(About this task):
Please reproduce the data exactly, excluding any pictures it contains.

(Given data):

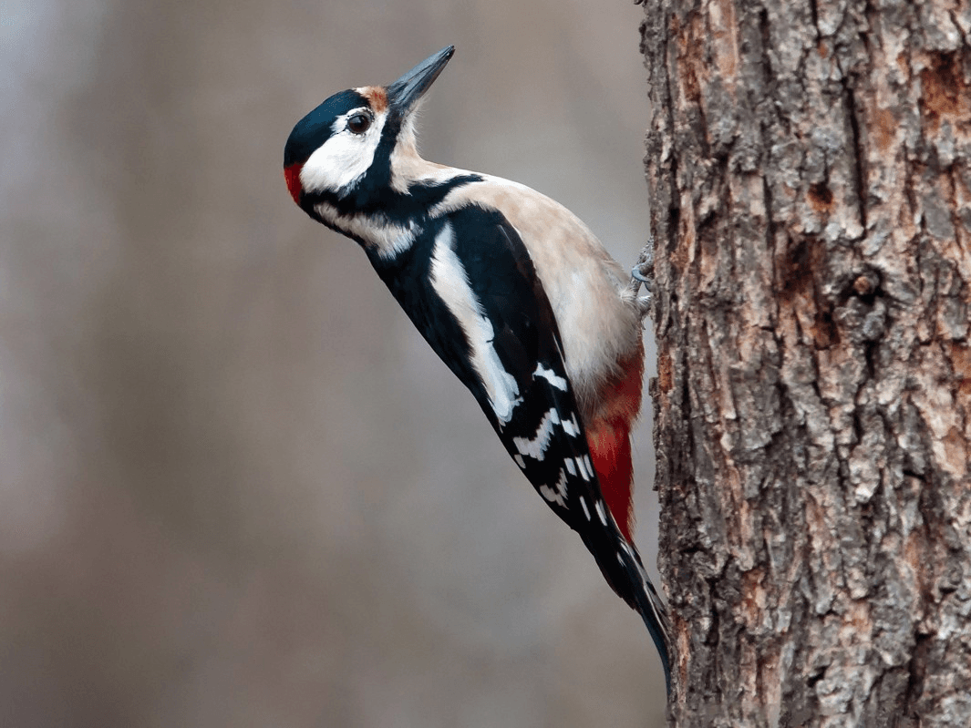 The great spotted woodpecker inhabits a wide geographic range extending from boreal taigas to Mediterranean climates, living in various forested areas, shrublands, fruit gardens, parks, and large estates. This species is widespread in the northern part of the Palearctic region【1】
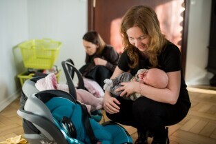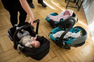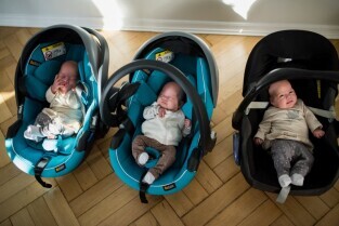 Gdańskie trojaczki z wizytą u Prezydenta Pawła Adamowicza. Gdańsk. Urząd Miejski, Nowe Ogrody. Nz rodzice trojaczków, Pani Joanna i Pan Bartosz
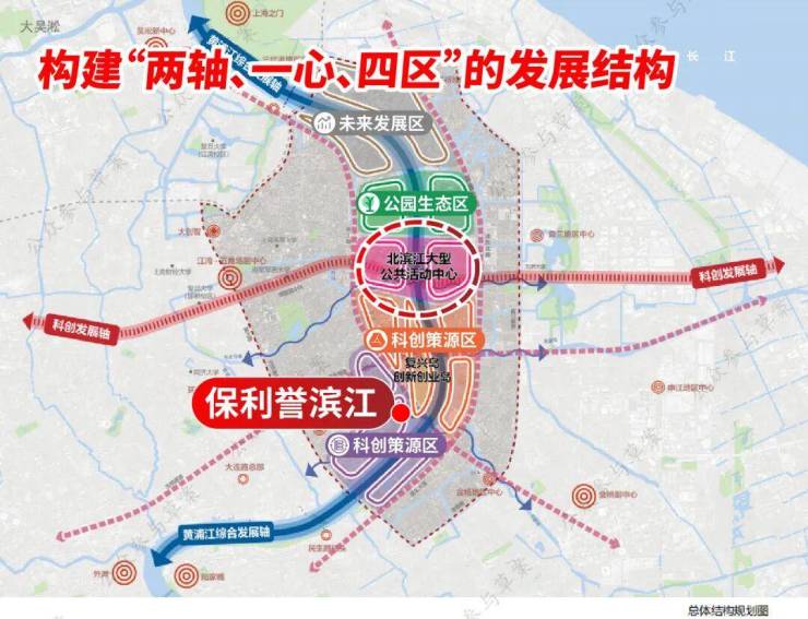 如下图,其中“一心”是黄浦江沿岸综合发展轴和翔殷路-五洲大道科创发展轴交汇处,未来会有大型体育文化场馆、滨水公共活动中心等。保利誉滨江离“心”很近。

(Result of this task):
 The great spotted woodpecker inhabits a wide geographic range extending from boreal taigas to Mediterranean climates, living in various forested areas, shrublands, fruit gardens, parks, and large estates. This species is widespread in the northern part of the Palearctic region【1】
 Gdańskie trojaczki z wizytą u Prezydenta Pawła Adamowicza. Gdańsk. Urząd Miejski, Nowe Ogrody. Nz rodzice trojaczków, Pani Joanna i Pan Bartosz
 如下图,其中“一心”是黄浦江沿岸综合发展轴和翔殷路-五洲大道科创发展轴交汇处,未来会有大型体育文化场馆、滨水公共活动中心等。保利誉滨江离“心”很近。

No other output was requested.